JDBC reading of Oracle US7ASCII encoding Chinese garbled characters and the use of Chinese Characters in different encodings
Database Version: Oracle 10g
Character Set: SIMPLIFIED CHINESE_CHINA.US7ASCII
JDK: 1.6.0 _ 45
Oracle DRIVER: ojdbc14.jar
It is no problem to use JDBC to operate the database and obtain the connection and execute SQL statements. However, all Chinese characters in the query results are garbled.
Debug shows that when the data is obtained from the database, it is garbled and PL/SQL and other tools are used.
I wonder if the Oracle driver uses the default character set when processing Chinese characters? At this time, in line with the concept of dead horse, the use of mandatory Transcoding of Chinese characters, ASCII code is a subset of the standard ISO-8859-1, maybe use this ISO-8859-1 can get normal Chinese characters? So, first test the use of new String (fieldValue. getBytes ("ISO-8859-1"); the output is still garbled! Think about transcoding, not just getting it in this format, so adjust it to: new String (fieldValue. getBytes ("ISO-8859-1"), "GBK"), test, get it done! However, it is a little troublesome for all places where Chinese characters are used.
It is said that another method can be used: to change the character set of Oracle!
1. Modify the Registry: HKEY_LOCAL_MACHINE \ SOFTWARE \ ORACLE \ HOME0 \ NLS_LANG. The value of HKEY_LOCAL_MACHINE \ SOFTWARE \ ORACLE \ HOME0 \ NLS_LANG is SIMPLIFIED CHINESE_CHINA.ZHS16GBK.

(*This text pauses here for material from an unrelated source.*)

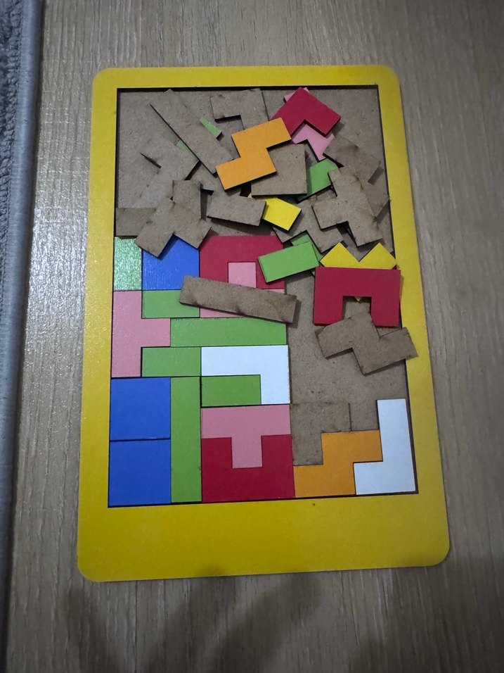 Bu renkli ahşap yapboz oyunu, farklı şekillerin çerçeveye yerleştirilmesiyle problem çözme ve yaratıcılığı destekler.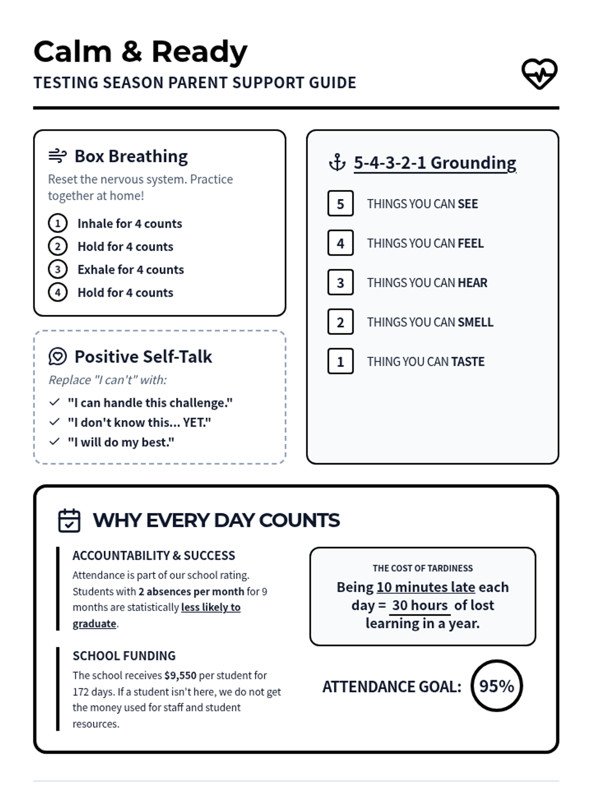 A visual infographic designed for families to help them manage housing-related anxiety. It includes grounding techniques, a "Fear vs. Truth" exercise, and a section on identifying family strengths.

2. modify a system variable NLS_LANG.
The above two methods, the second method has been tried, you can. First, no tests were conducted in the current environment.
In addition, the obtained Chinese characters are written into another oracle 11g Database, and it is found that Chinese characters are not stored in one Chinese Character in two bytes, but one Chinese Character in three bytes!
After checking, we found that the character set is AL32UTF8. Generally, the default Chinese Character Set is three bytes. Therefore, we need to expand the field length of the target database table. For Chinese characters, oralce and the newer sqlserver both support nvarchar format. For nvarchar fields, whether they are Chinese characters, numbers, characters, or English letters, each character occupies one character.
If you are not sure how many characters a Chinese character currently occupies, you can use select length ('Hank') from dual; to view it.
Currently, the US7ASCII character set is rarely used by new systems. This may happen to some older legacy systems. Pay attention to the details!